Deux grammaires réglementaires radicalement différentes

La première erreur consiste à croire que l'Europe et les États-Unis fonctionnent sur le même modèle. Ce n'est pas le cas.

DimensionUnion européenne (Règlement 1223/2009)États-Unis (MoCRA, 2022)
LogiqueConformité a priori, documentation lourde avant mise sur le marchéEnregistrement des acteurs, contrôle a posteriori
Acte préalableNotification CPNP obligatoire avant commercialisationEnregistrement de l'établissement + listing des produits
ResponsablePersonne Responsable (personne morale établie dans l'UE)Responsible Person + US Agent obligatoire pour les sites étrangers
DossierDIP (Dossier d'Information Produit) conservé 10 ansDocumentation détenue par le Responsible Person, accessible à la FDA
Évaluation de sécuritéRapport sur la sécurité signé par un évaluateur qualifiéPas d'évaluateur imposé, mais obligation de « substantiation » des allégations
SubstancesAnnexe II : plus de 1 600 substances interditesUne dizaine de substances interdites ou restreintes au niveau fédéral
Effets indésirablesCosmétovigilance, dont la ANSM en FranceSignalement des événements indésirables graves à la FDA

Le point clé à retenir : l'Europe documente avant, les États-Unis documentent pour pouvoir répondre après. Un dossier construit pour le marché américain ne couvre généralement pas 30 % de ce qu'exige le marché européen.

Première décision : qui sera votre Personne Responsable ?

Avant même de parler formule, posez cette question. Sans Personne Responsable identifiée et acceptante, aucune notification CPNP n'est possible, et donc aucune mise sur le marché légale dans l'Union.

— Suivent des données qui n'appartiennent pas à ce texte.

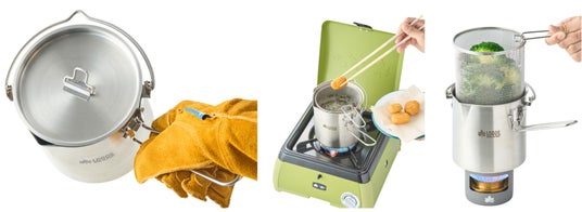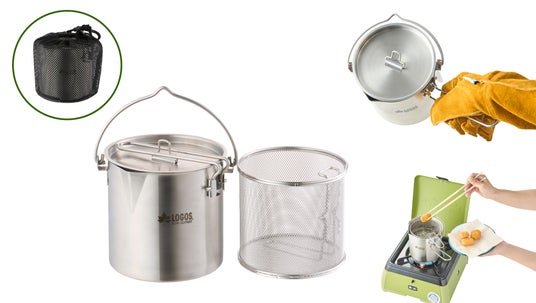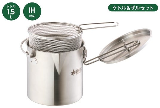 さまざまな調理に対応する万能ケトルと専用ザルのセット「LOGOS フィールダーケトル1500」を、アウトドアライフをはじめ、ご自宅でもぜひともご活用ください。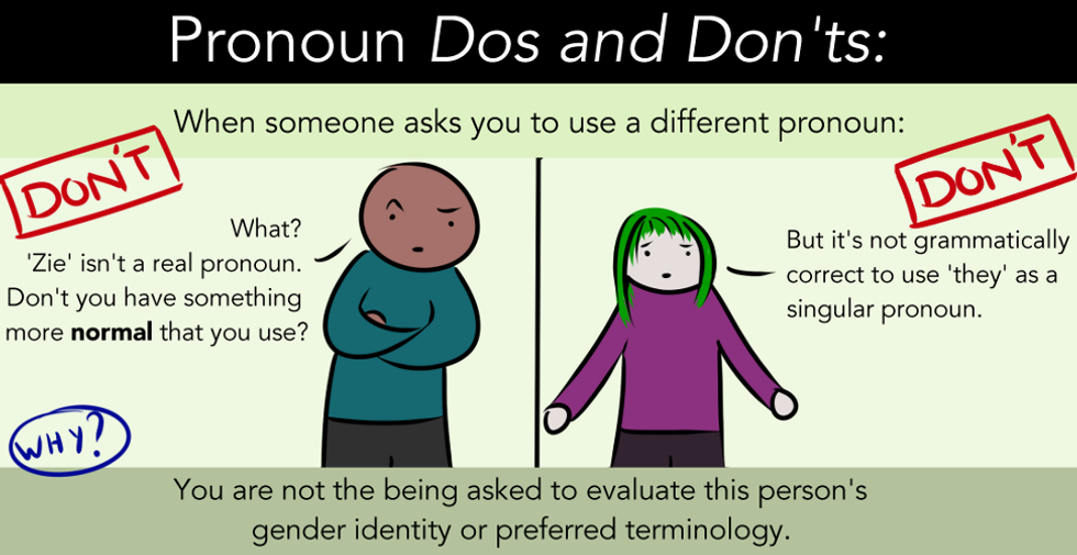 When I tell people that I use they / their / them pronouns the first response is usually, "But that is plural." This is quite frustrating as the people who say that also say things like "sup" and "ain't." The refusal to use these pronouns or adamant condemnation of use is nothing but transphobia though it may be dressed up in excuse of proper grammar. People break grammar rules all the time, and the biggest culprits of this are native English speakers. These same people, after I drop my pronouns like the hottest album of 2016, immediately turn into Oxford educated English professors. Language isn't described by natural laws. We can't look at the genes of the word "they" and conclude that it has the plural allele. "They" is a random sequence of letters that has historically been used to refer to people in the plural. It has now become necessary, just as the addition of "she," to use "they" as a singular pronoun.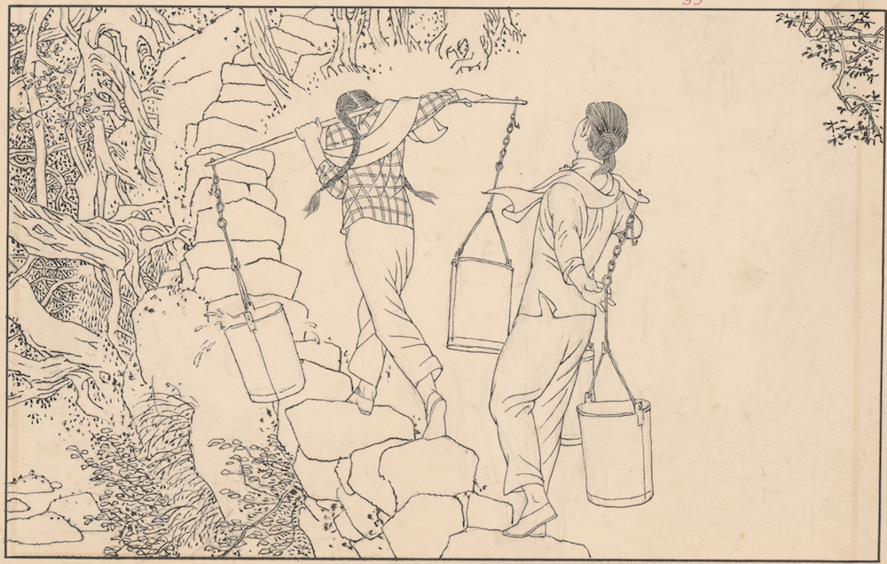 爹爹下乡体验生活与农民同吃,同住,同劳动。挑担,浇粪,样样干。每次下乡一去就是几个月。在接到《山乡巨变》任务时是1958年底,临近1959年春节,去的地方是湖南益阳的清溪乡。当时农村交通不发达,县城到乡下没有汽车。他们下乡是除了床架和尿壶不带,其他都要自备的。他只能在街边小店买了一根扁担,将行李挑着翻山越岭十里路走到乡里。一路上因为走热了,脱下衣服往扁担上挂,结果衣服越来越少,担子越来越重。第一次下乡带回来的稿子没有通过,到1959年中又第二次去益阳。彼时正是三年困难时期,食物紧张,为了减缓自己饥饿,他就吃几口压缩饼干猛喝水,然后躺床上不动,生活相当艰苦。当第二次下乡回来稿子又被否定后,他决定摒弃原来的画风,从传统绘画中汲取营养,再以人物塑造入手,最终作出了《山乡巨变》这部连环画领域里程碑式的作品,个中艰辛不是我现在描述这么轻松的。他在工作上对自己的要求是近乎苛刻的,对创作全身心投入,一丝不苟,从不敷衍。在他创作《山乡巨变》的时候,下班前他会将当天的画稿放在抽屉口上,第二天上班打开抽屉的第一眼,要是感觉画稿哪里刺眼,那里就是毛病,即刻修改或重画。即使在饭桌上,他也时常会出神,一个念头出来,就用筷子沾点酒,在桌面上划呀划的。平日里要么在写字台上画画,要么就是在房间里来来回回地踱着步子。
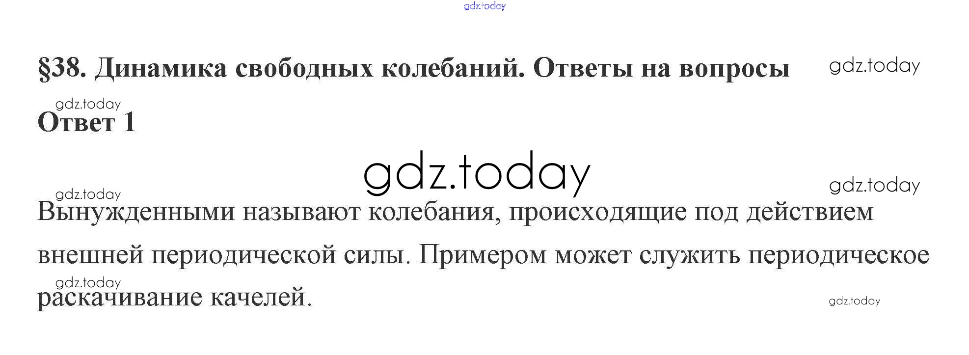 На страницах сайта gdz.today вы найдете учебный и вспомогательный материал, направленный на улучшения знаний школьной программы. ГДЗ - онлайн мир знаний 38. Динамика свободных колебаний 5. Динамика периодического движения 1 Учебнику по Физике для 10 класса Касьянов Дрофа 2018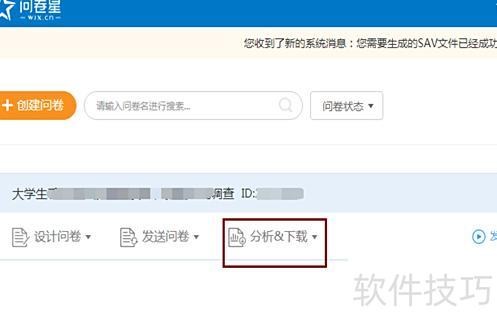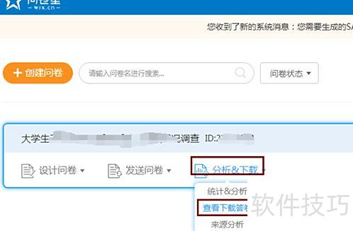 进入问卷星首页,找到你创建的问卷,点击下方的分析下载即可。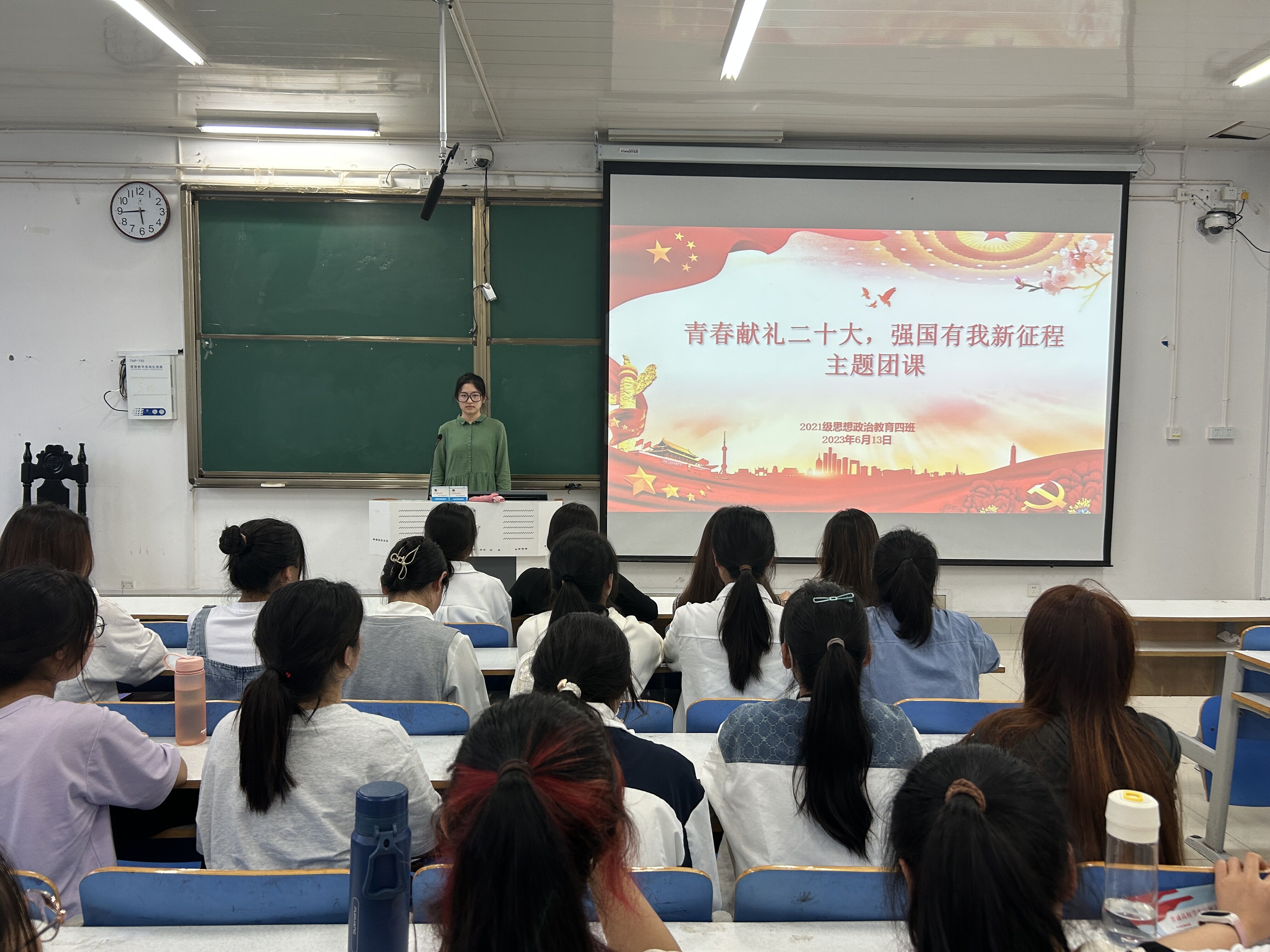为深入贯彻学习党的二十大精神,6月13日下午,2021级思想政治教育四班在社科楼514教室开展“青春献礼二十大,强国有我新征程”主题团课。2021级思想政治教育四班全体团员参加本次团课。团课由团支书刘珂含主持。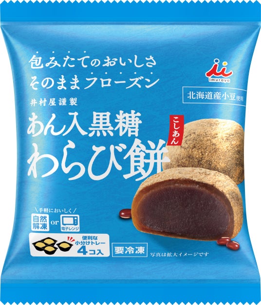 リニューアルポイント:こしあんの原料を北海道産小豆にリニューアルしました。また、生地に使用する沖縄県産黒糖を増量し、ぷるんとした食感はそのままに、より黒糖の風味を楽しめる生地に仕上げました。なめらかな井村屋謹製のこしあんと、黒糖の風味がしっかりと感じられるわらびもちの生地を、バランスよく楽しめます。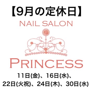 みらい平にあるネイルサロンプリンセスです。 いつもネイルサロンプリンセスにご来店いただきましてありがとうございます。 9月の定休日のお知らせです。 9月は11日(金)、16日(水)、22日(火祝)、24日(…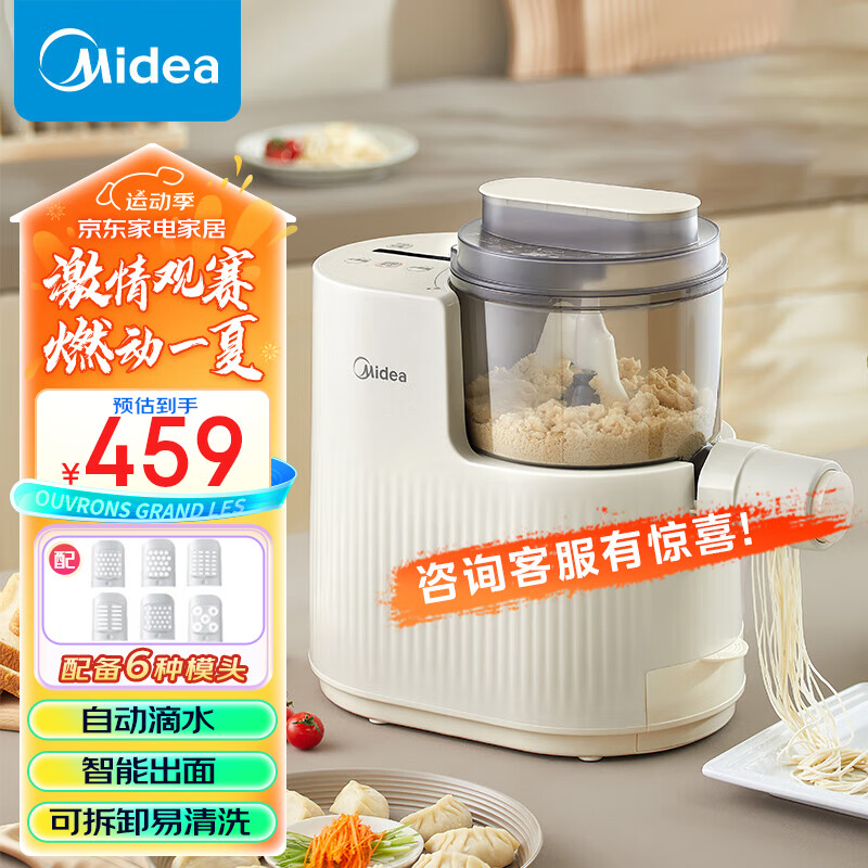 美的(Midea)面条机 压面机家用 全自动电动饺子皮机一体机和面 智能饸饹机 【双向挤压更筋道】MJ-NL11价格:459.00元!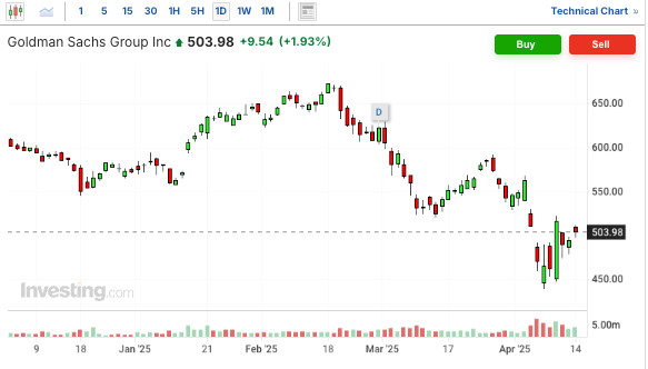 Goldman Sachs’ Q1 beat, announced yesterday, reinforces that investment banks are thriving amid the turmoil—trading activity is surging, even if long-term investment remains cautious.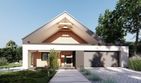 Graficzne opracowanie rzutów poglądowych widocznych na karcie projektu zostało wykonane przez Extradom.pl. Prezentowane przez Extradom.pl wizualizacje wykonane zostały przez autora projektu i należy poczytywać je jedynie za przykład i propozycję wykończenia, wizję architektoniczną autora projektu. Ostateczne wykończenie budynku może nastąpić na wiele sposobów. Szczegółowe rozwiązania zastosowane w oferowanej dokumentacji - w tym również ilość, lokalizacje i wygląd okien, drzwi, kominów - mogą w niewielkim stopniu różnić się od prezentowanej wizualizacji budynku.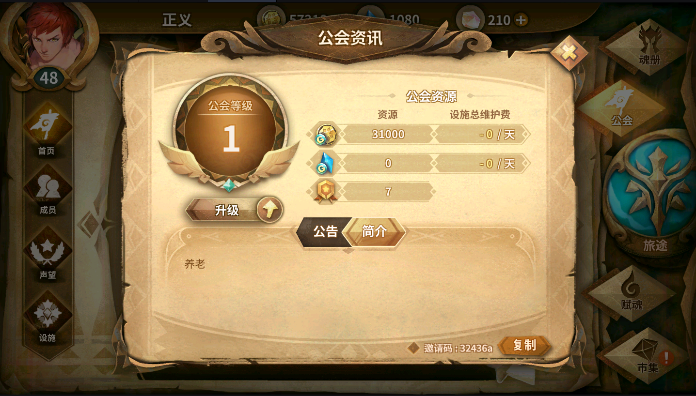 流年未逝公会成立啦,加入公会无任何要求,有任何疑问也可以找会长和副会长,有建议可以随时提出,萌新大佬快康康我们吧!活跃热情的公会氛围,闲适宽松的公会要求,巨大无限的公会潜能,你还在等什么呢?赶紧加入我们吧!!!我是本公会的副会长,有事可咨询我喔!邀请码:2fd767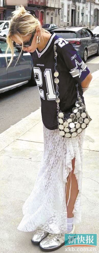 欧洲杯引发的一件球衣时尚风还在继续升级,与前年世界杯期间流行的复古足球风有所不同,今年欧洲杯期间流行的是在以球衣为整体穿搭“定调”的基础上加入浪漫、柔媚、甜美元素,创造出独特有趣又充满矛盾感的时尚态度。
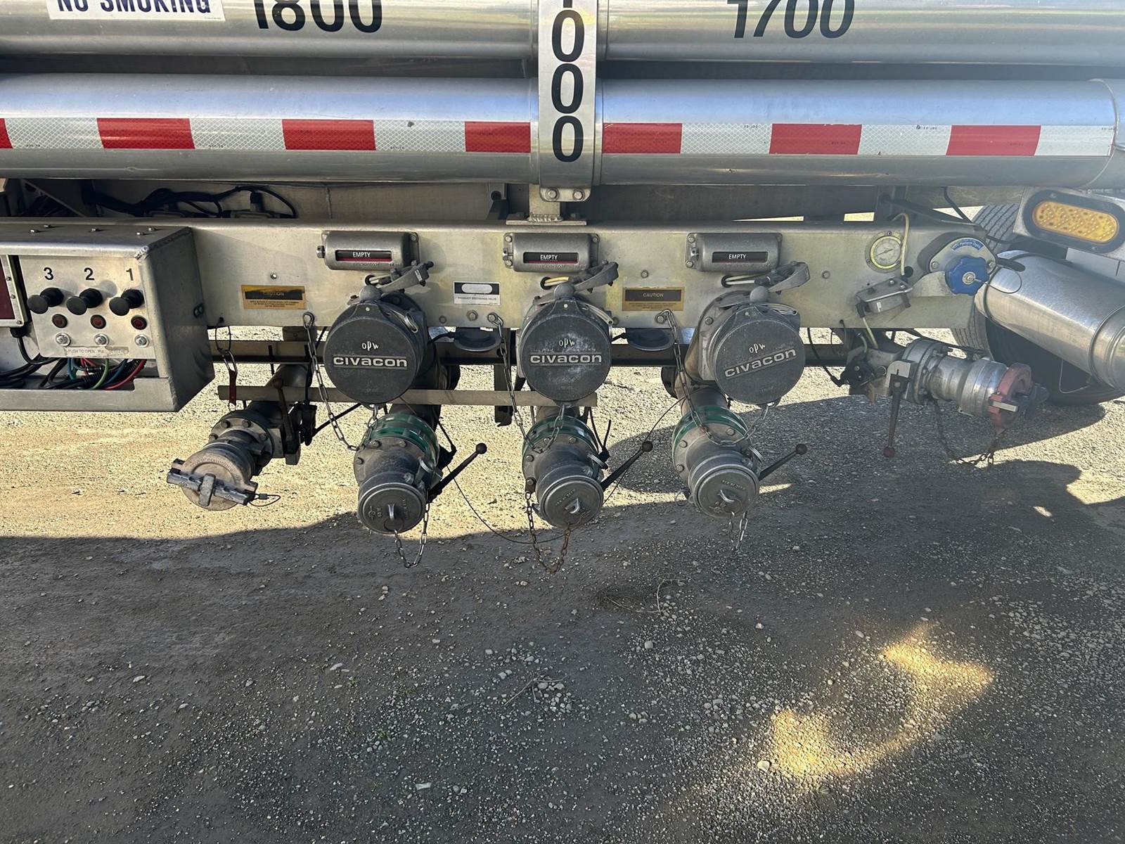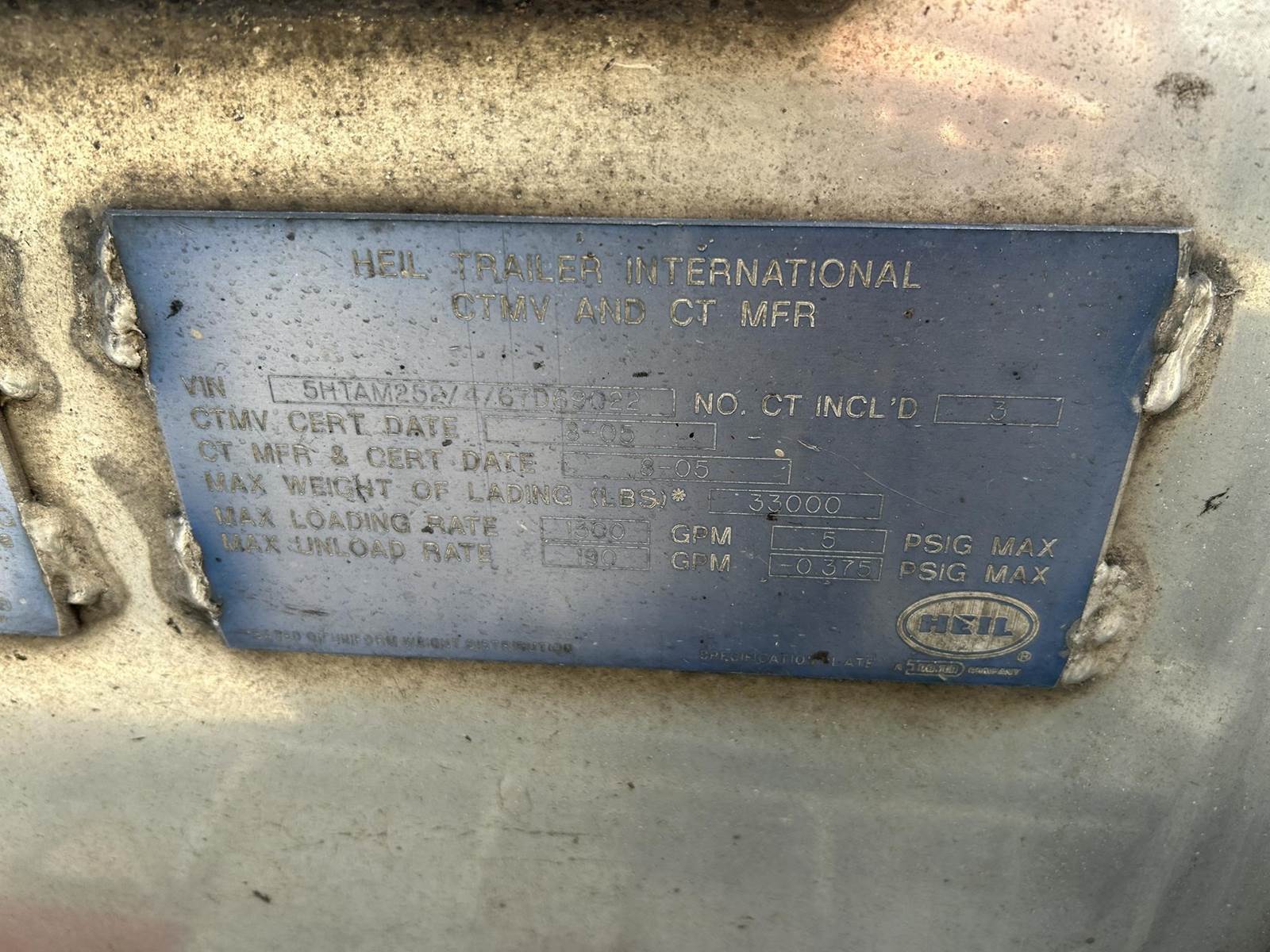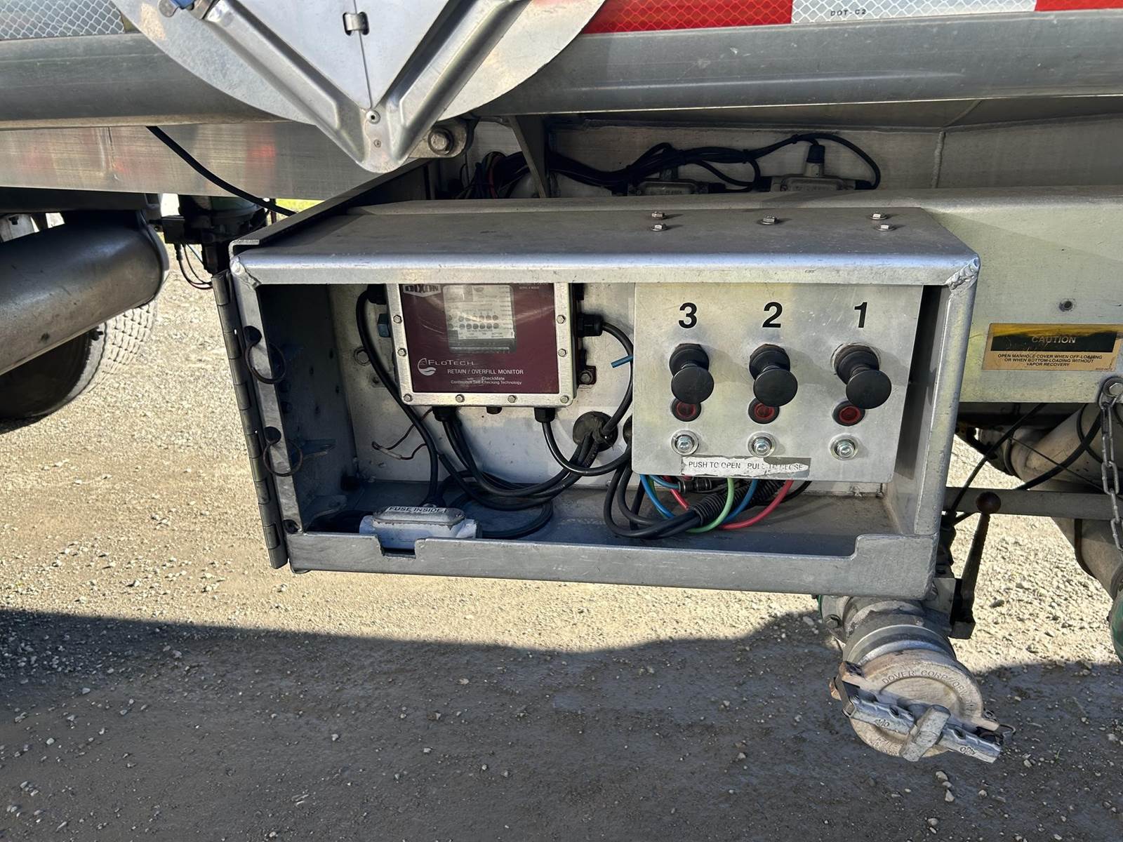 (Mfg. 08/2005), DOT406AL, Aluminum Construction, 5,340 Gallons, 3-Compartment (2120, 1100, 2120), Air Operated Internals, 'Y' Bottom Load Heads w/ Brake Interlocks & Sight Glasses, Roto Tags, Dual Vapor Recoveries w/ Brake Interlocks, Optics Socket w/ Brake Interlock, Dixon FloTech OverFill Monitor, Air Ride Suspension, Cam Style Drum Brakes, 455/55R22.5 Super Single Tires On Aluminum Wheels, (2) R/H Side Stacked Hose Tubes w/ Fitting Box @ Front, Aluminum Ladder @ Front Of Trailer, Cone Holder In Tongue...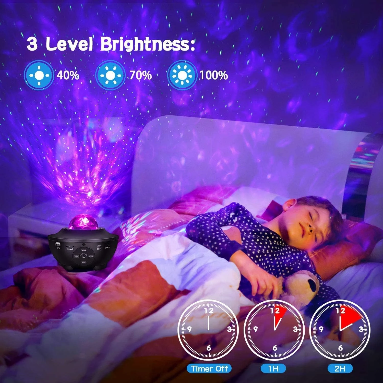 - 【Auto-off Timer Function】With Built-in 1 hr, 2 hrs , 4 hrs auto-off timer, it shuts off automatically at a preset time, and don’t worry about forgetting to turn off the galaxy lights every night while listening to music and enjoying a romantic skylight projection. It can create a warm and quiet sleeping environment to help you and your child fall asleep quickly and smoothly.

Trois options s'offrent à vous :

  1. Votre propre société. C'est le cas le plus courant pour une marque française qui importe : votre entreprise est établie dans l'Union, elle peut être Personne Responsable. C'est gratuit, mais vous assumez pleinement la charge documentaire et la responsabilité pénale en cas de manquement.
  2. Un prestataire tiers. Des sociétés spécialisées (consultants réglementaires, sociétés de « RP as a service ») endossent ce rôle moyennant une redevance annuelle par référence. Utile quand vous n'avez pas de structure européenne ou quand vous lancez un premier test marché.
  3. Votre façonnier… rarement. La plupart des usines chinoises n'ont pas d'entité juridique dans l'Union et ne peuvent donc pas être Personne Responsable. Méfiez-vous des promesses floues : une « filiale européenne » qui n'est qu'une boîte aux lettres ne protège personne.

Pour un produit importé, le principe est clair : l'importateur est en principe la Personne Responsable, mais il peut mandater par écrit une autre personne établie dans l'Union, qui doit accepter ce mandat par écrit. Ce mandat n'est pas une formalité administrative : il déplace la responsabilité, pas le risque commercial.

⚠️ Piège classique : la Suisse. Un fabricant ou un distributeur suisse n'est pas dans l'Union. Un produit destiné au marché suisse a besoin d'une personne responsable en Suisse ; un produit destiné à l'Union a besoin d'une Personne Responsable dans l'Union. Les deux ne sont pas interchangeables. Même chose pour le Royaume-Uni depuis le Brexit : il faut une UK Responsible Person distincte.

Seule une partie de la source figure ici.